EXERCISE GOAL ▸ Reproduce the records without their pictures, keeping every word as it is.

Dataset excerpts
--
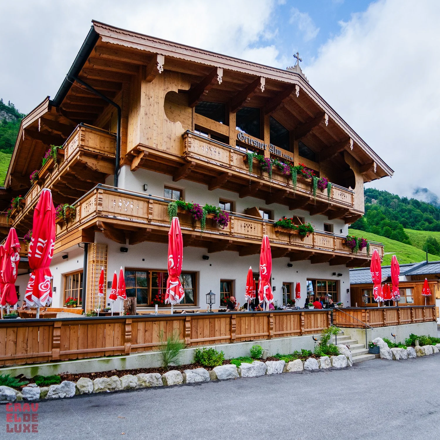 Ab jetzt sind wir auf den klassischen Almstraßen unterwegs – ihr wisst schon, die, die ihr sicher auch schon mal beim Wandern in den Alpen gesehen habt und euch gefragt habt: „Kann man da mit dem Gravelbike fahren?“ Die Antwort lautet: Ja, definitiv!
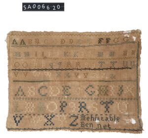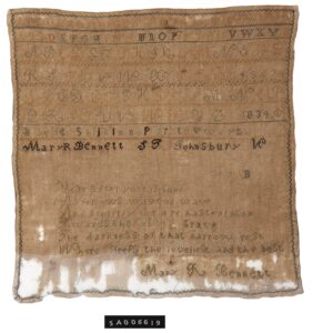 Mary and Mehitable Bennett created these samplers during the early nineteenth century. (Mary stitched her sampler in 1834, while Mehitable’s bears no date.) Used as a teaching tool, completing a sampler was a typical part of a girl’s education at the time. Samplers provided girls with an opportunity to practice their embroidery and to show their mastery of numbers and letters. In some cases the samplers included a proverb, a bible verse or saying to reinforce values and encourage culturally appropriate behavior. The samplers also served as an expression of creativity. Domestic or pastoral scenes and decorative flourishes graced many samplers.
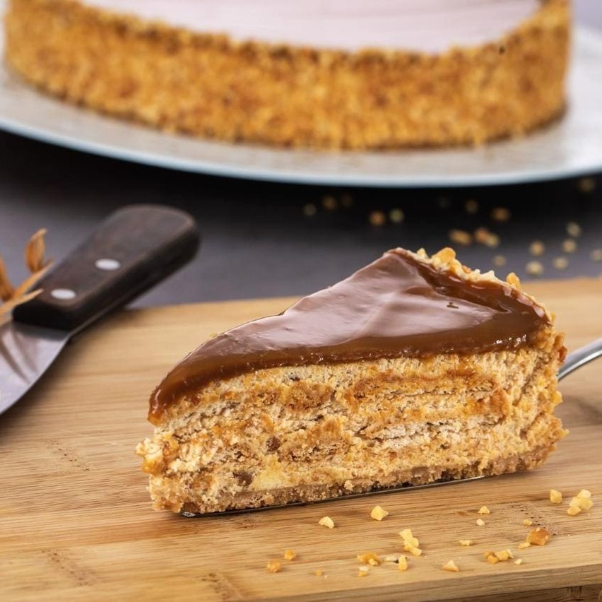 Nossa Torta Crocante de Amendoim com Doce de Leite é uma combinação perfeita de texturas e sabores. Feita com uma base deliciosa de biscoito e creme de amendoim, é finalizada com uma generosa camada de doce de leite e uma decoração de amendoim crocante. Cada fatia traz o equilíbrio entre o sabor intenso do amendoim e o toque adocicado do doce de leite, oferecendo uma experiência única e irresistível. Perfeita para os apaixonados por sobremesas intensas e crocantes!
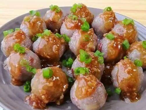 6.20分鐘後取出丸子。將新鮮調制的醬汁倒在肉丸上。撒上一些蔥花裝飾一下就完成瞭。(如果喜歡吃辣的,也方便,加一點辣椒醬。)
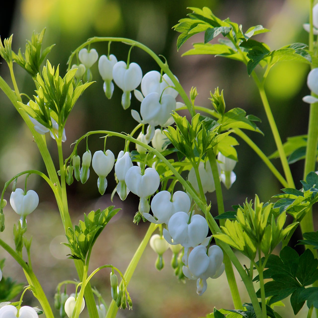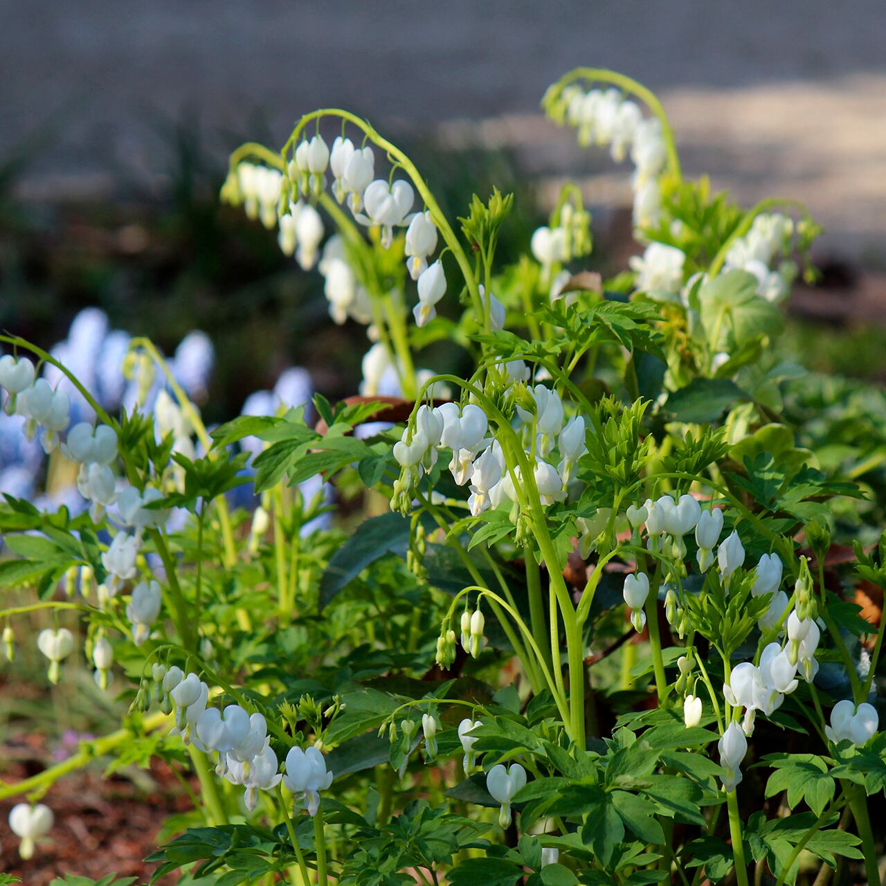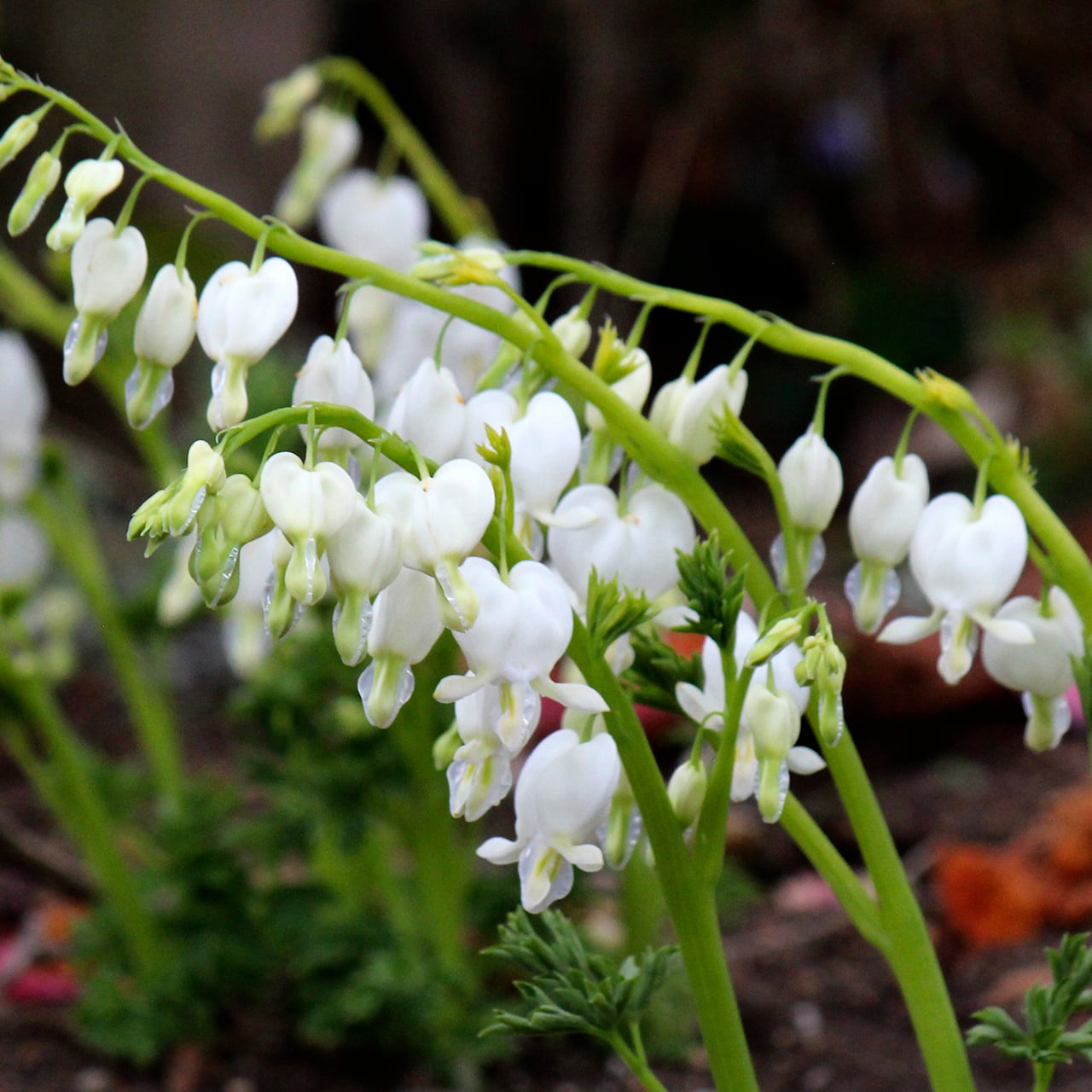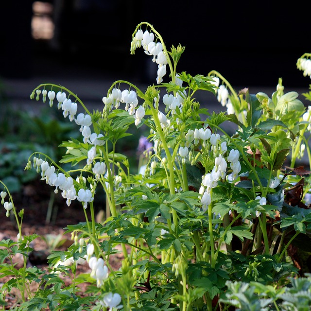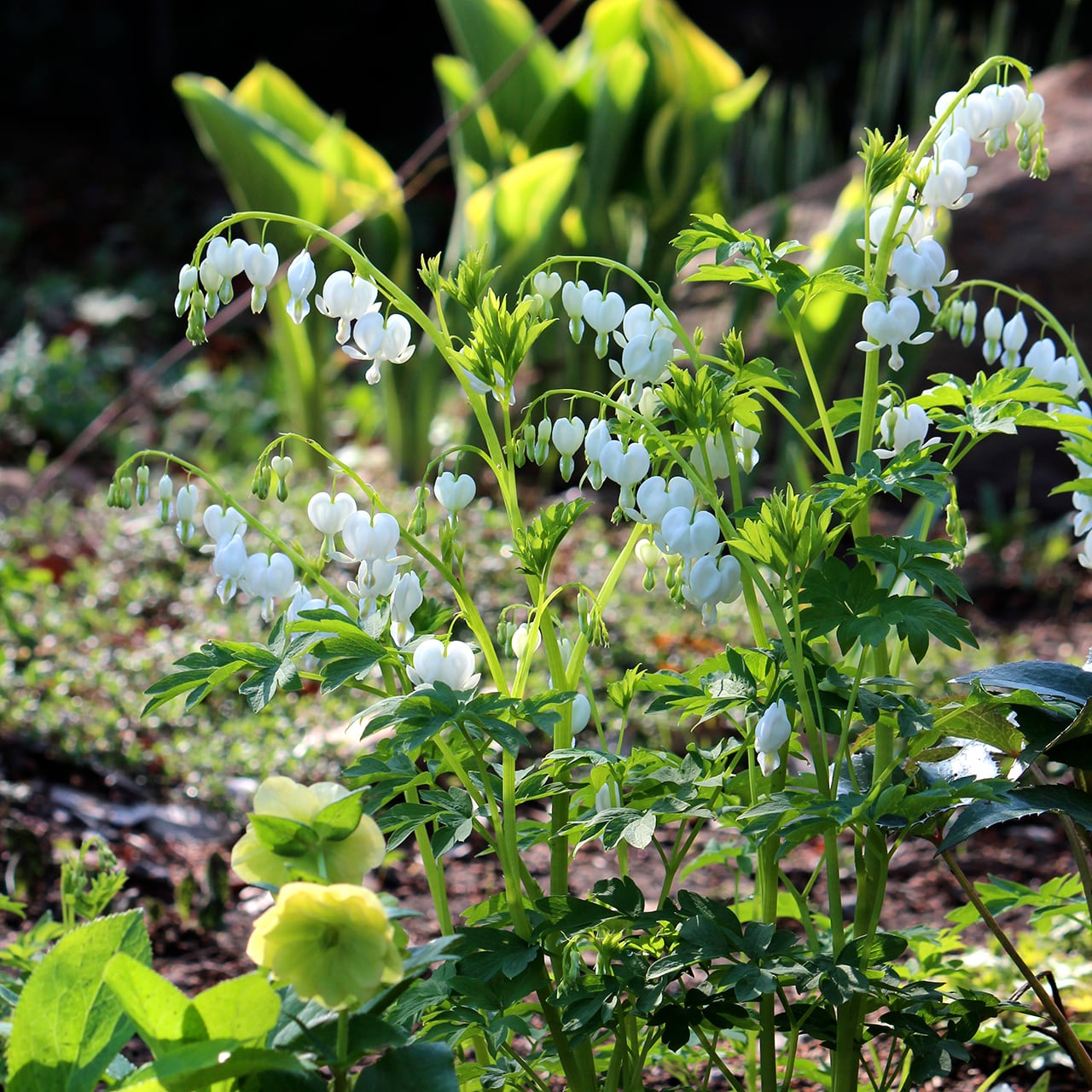 ディセントラは春の人気の定番宿根草。純白の花が清楚な印象で、シェードガーデンに好適。生育はゆるやかなので、じっくり育ててみたい品種です。
--
PROBLEM SOLUTION ▸
 Ab jetzt sind wir auf den klassischen Almstraßen unterwegs – ihr wisst schon, die, die ihr sicher auch schon mal beim Wandern in den Alpen gesehen habt und euch gefragt habt: „Kann man da mit dem Gravelbike fahren?“ Die Antwort lautet: Ja, definitiv!
 Mary and Mehitable Bennett created these samplers during the early nineteenth century. (Mary stitched her sampler in 1834, while Mehitable’s bears no date.) Used as a teaching tool, completing a sampler was a typical part of a girl’s education at the time. Samplers provided girls with an opportunity to practice their embroidery and to show their mastery of numbers and letters. In some cases the samplers included a proverb, a bible verse or saying to reinforce values and encourage culturally appropriate behavior. The samplers also served as an expression of creativity. Domestic or pastoral scenes and decorative flourishes graced many samplers.
 Nossa Torta Crocante de Amendoim com Doce de Leite é uma combinação perfeita de texturas e sabores. Feita com uma base deliciosa de biscoito e creme de amendoim, é finalizada com uma generosa camada de doce de leite e uma decoração de amendoim crocante. Cada fatia traz o equilíbrio entre o sabor intenso do amendoim e o toque adocicado do doce de leite, oferecendo uma experiência única e irresistível. Perfeita para os apaixonados por sobremesas intensas e crocantes!
 6.20分鐘後取出丸子。將新鮮調制的醬汁倒在肉丸上。撒上一些蔥花裝飾一下就完成瞭。(如果喜歡吃辣的,也方便,加一點辣椒醬。)
 ディセントラは春の人気の定番宿根草。純白の花が清楚な印象で、シェードガーデンに好適。生育はゆるやかなので、じっくり育ててみたい品種です。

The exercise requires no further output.